We next screened various conditions to target selective cleavage of the silyl ether and disulfide groups embedded in the main chain of the graft copolymer backbone, and used conventional SEC analysis to characterize the degraded polymers. Indeed, selectively cleaving only one of the structural units along an alternating step-growth backbone will result in a uniform species that consists of two polymeric side chains. We anticipated that the efficiency of each cleavage may strongly depend on the solvent; therefore, we investigated two different solvents for each reaction, butanol as a protic solvent and THF as an aprotic solvent.

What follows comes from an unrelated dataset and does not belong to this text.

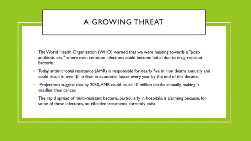 引用世界衛生組織(WHO)的警告,指出人類正逐漸進入「後抗生素時代」,一旦常見感染變得無藥可醫,人類健康將面臨前所未有的危機。抗微生物抗藥性(AMR)每年奪走近 500 萬條生命,並造成逾 1 兆美元的經濟損失,若沒有改善,到 2050 年全球死亡數恐達到 1000 萬。她解釋,許多醫院正在面臨多重抗藥性細菌蔓延,而某些感染甚至完全沒有有效療法。她認為精油所提供的天然抗菌多樣性,是未來不可忽視的重要資源,使人們能透過自然方式重新取得對抗感染的能力。

We first examined the selective cleavage of the silyl ether groups using a fluoride source.²⁸ Experimentally, we employed 20 equivalents of tetra-n-butylammonium fluoride (TBAF) and acetic acid (AcOH) relative to the silyl ether units.¹⁵ We observed successful selective cleavage of the graft copolymer backbone – resulting from selective cleavage of the silyl ether – after 2.0 hours in THF (M_n = 14k, Đ = 1.09). In contrast, partial cleavage of the graft copolymer backbone was observed after 3.0 hours in butanol (M_n = 36k, Đ = 1.44, Fig. S7†). We attributed this solvent-dependent behaviour to the reaction mechanism which likely proceeds through the S_N2 pathway and favours aprotic solvents.²⁹

We next screened the appropriate conditions to selectively degrade the disulfide bond using redox chemistry. Here, we used 20 equivalents of tributyl phosphine (PBu₃) with respect to the disulfide bond.¹⁷ Although mechanistically the reduction of the disulfide with phosphines has been reported to proceed through the S_N2 pathway, a proton source is inherently required for the reduction.³⁰ Typically the presence of water is necessary to drive the reaction, although previously we found that the reduction could proceed to completion in alcoholic solvents without the addition of water.¹⁵ Here we found the selective cleavage of the disulfide in butanol to reach completion in under 1.5 hours (M_n = 14k, Đ = 1.13). It is important to emphasize that the silyl ether did not undergo metathesis with this solvent (butanol) and remained intact in the polymer backbone during this process. Interestingly, reduction of the disulfide was also observed in THF, albeit to a lesser extent (M_n = 16k, Đ = 1.39 after 2.0 hours, Fig. S8†) despite the lack of a proton source. We believe that this is likely due to the residual methanol present from the purification process as methanol was used to precipitate the PBA graft copolymer. Nevertheless, employing a protic solvent was necessary for complete cleavage of the disulfide bonds.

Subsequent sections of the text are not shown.